▶ [YOUR ASSIGNMENT]
What is needed is an exact copy of the lines from the one containing "Nasi putih, Ikan" through the last line of the records, with no pictures.

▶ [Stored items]

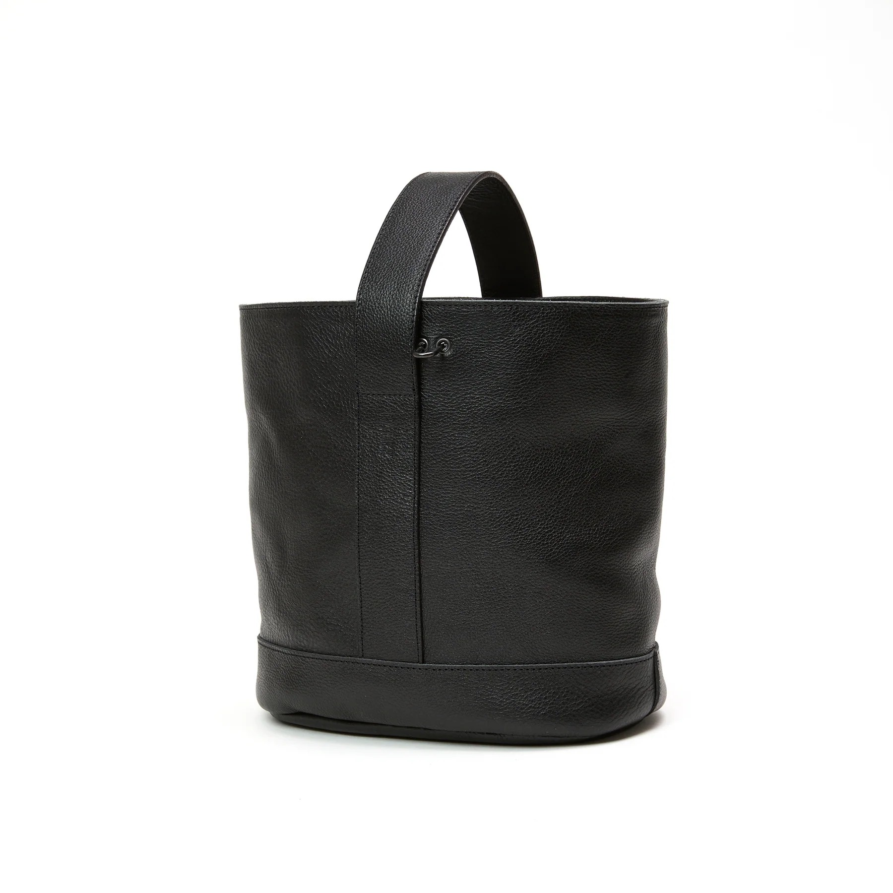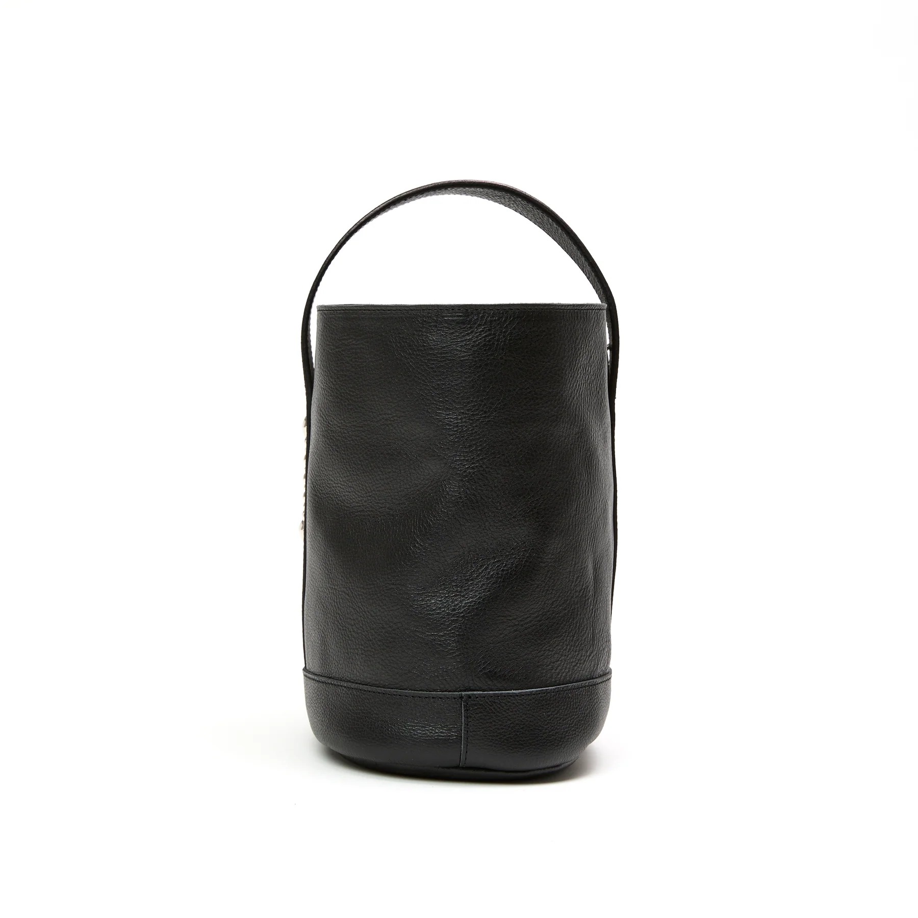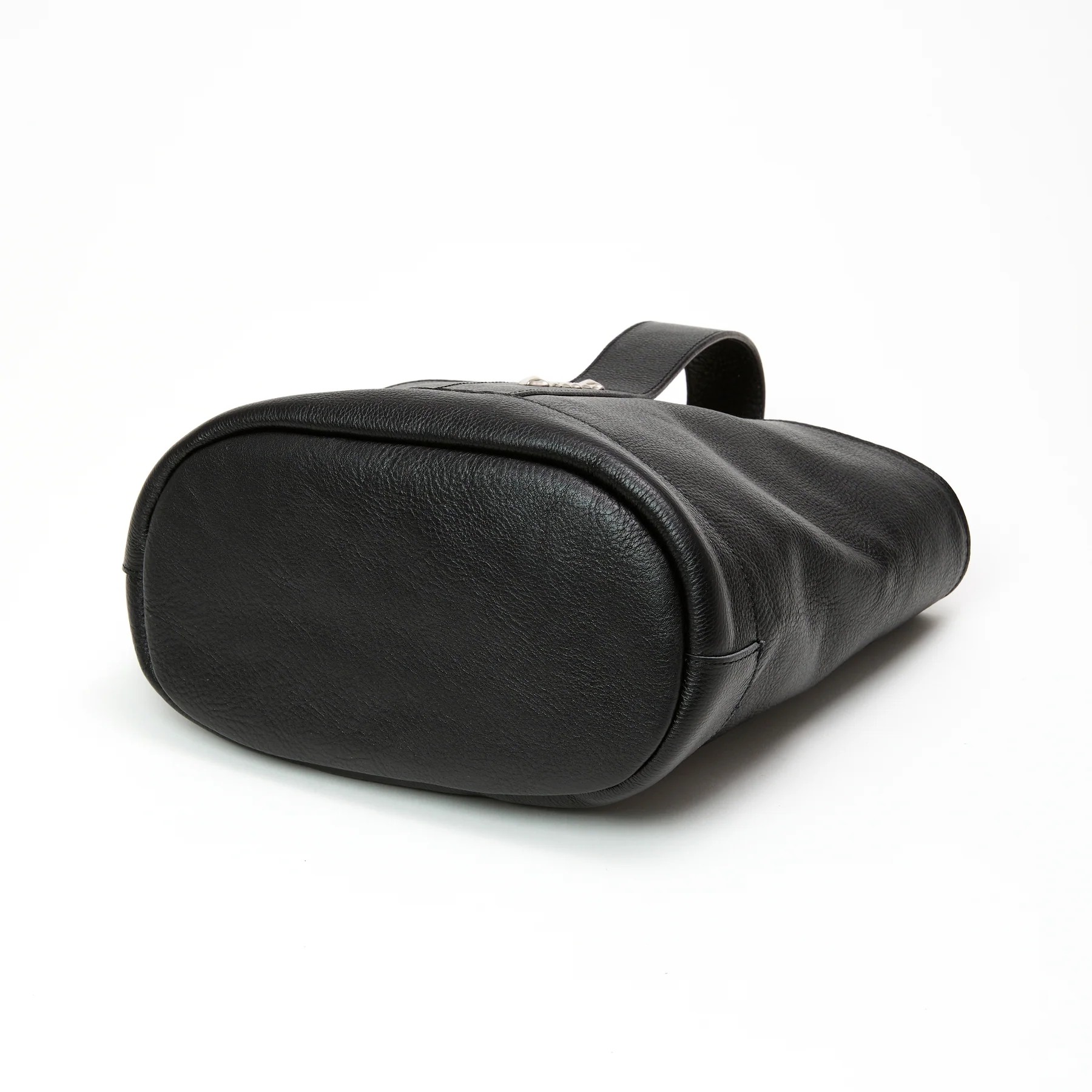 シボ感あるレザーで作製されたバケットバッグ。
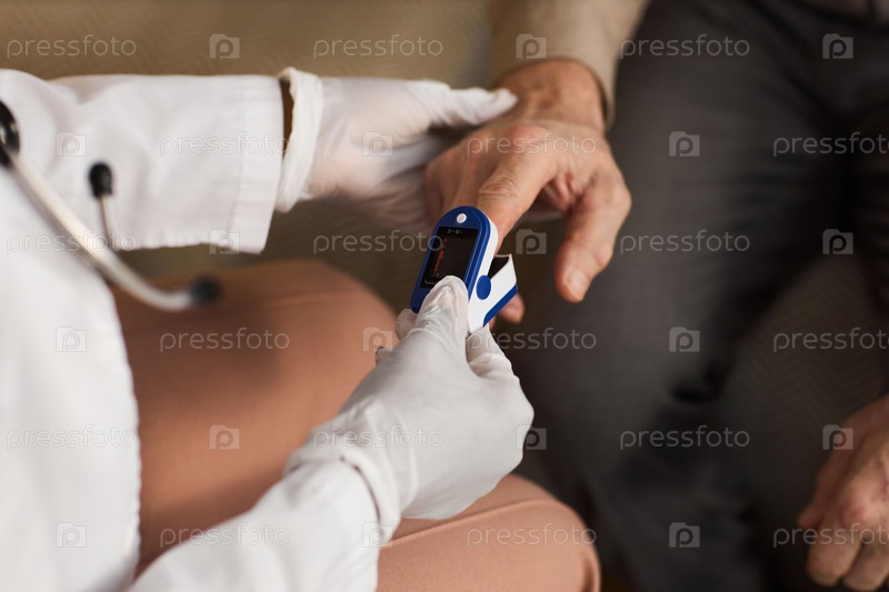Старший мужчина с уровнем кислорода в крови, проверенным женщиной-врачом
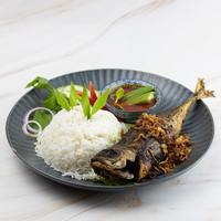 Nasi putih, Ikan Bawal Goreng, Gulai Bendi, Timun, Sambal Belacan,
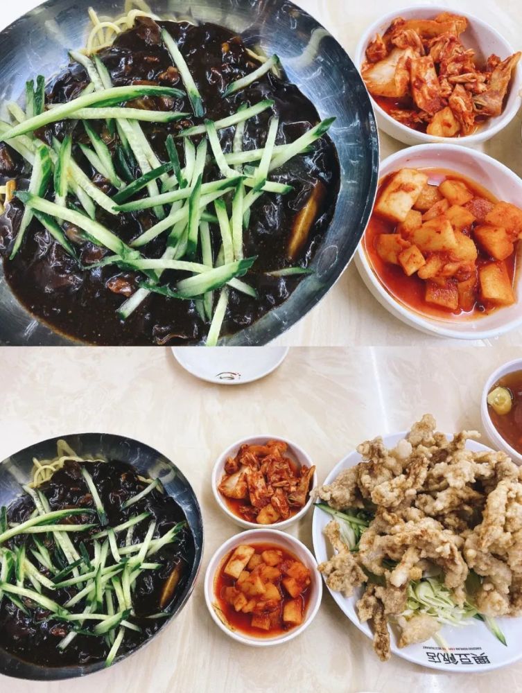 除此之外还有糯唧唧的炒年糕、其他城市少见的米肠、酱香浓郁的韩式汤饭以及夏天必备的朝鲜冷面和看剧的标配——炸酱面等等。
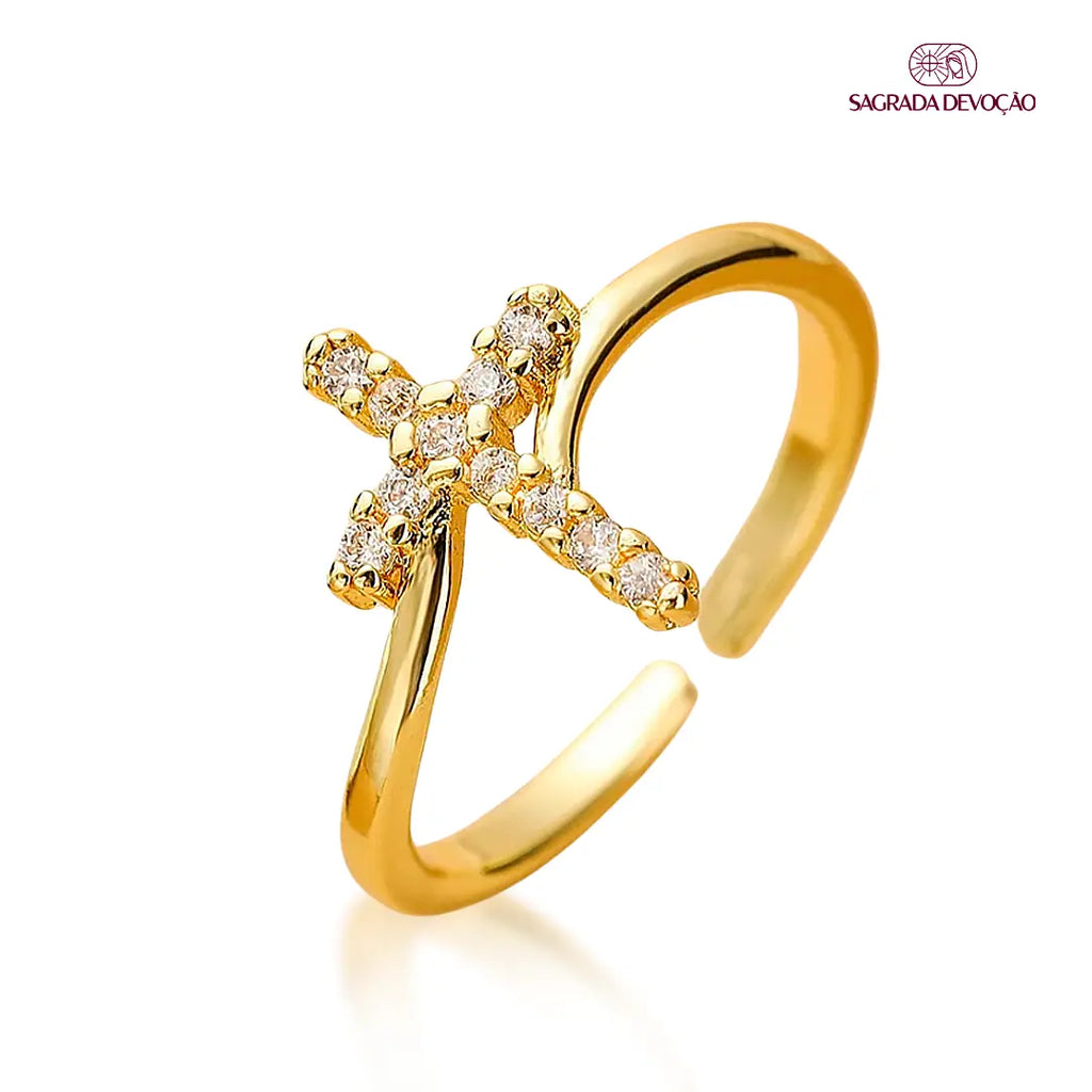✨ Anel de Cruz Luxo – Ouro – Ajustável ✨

▶ [TASK OUTPUT]
 Nasi putih, Ikan Bawal Goreng, Gulai Bendi, Timun, Sambal Belacan,
 除此之外还有糯唧唧的炒年糕、其他城市少见的米肠、酱香浓郁的韩式汤饭以及夏天必备的朝鲜冷面和看剧的标配——炸酱面等等。
✨ Anel de Cruz Luxo – Ouro – Ajustável ✨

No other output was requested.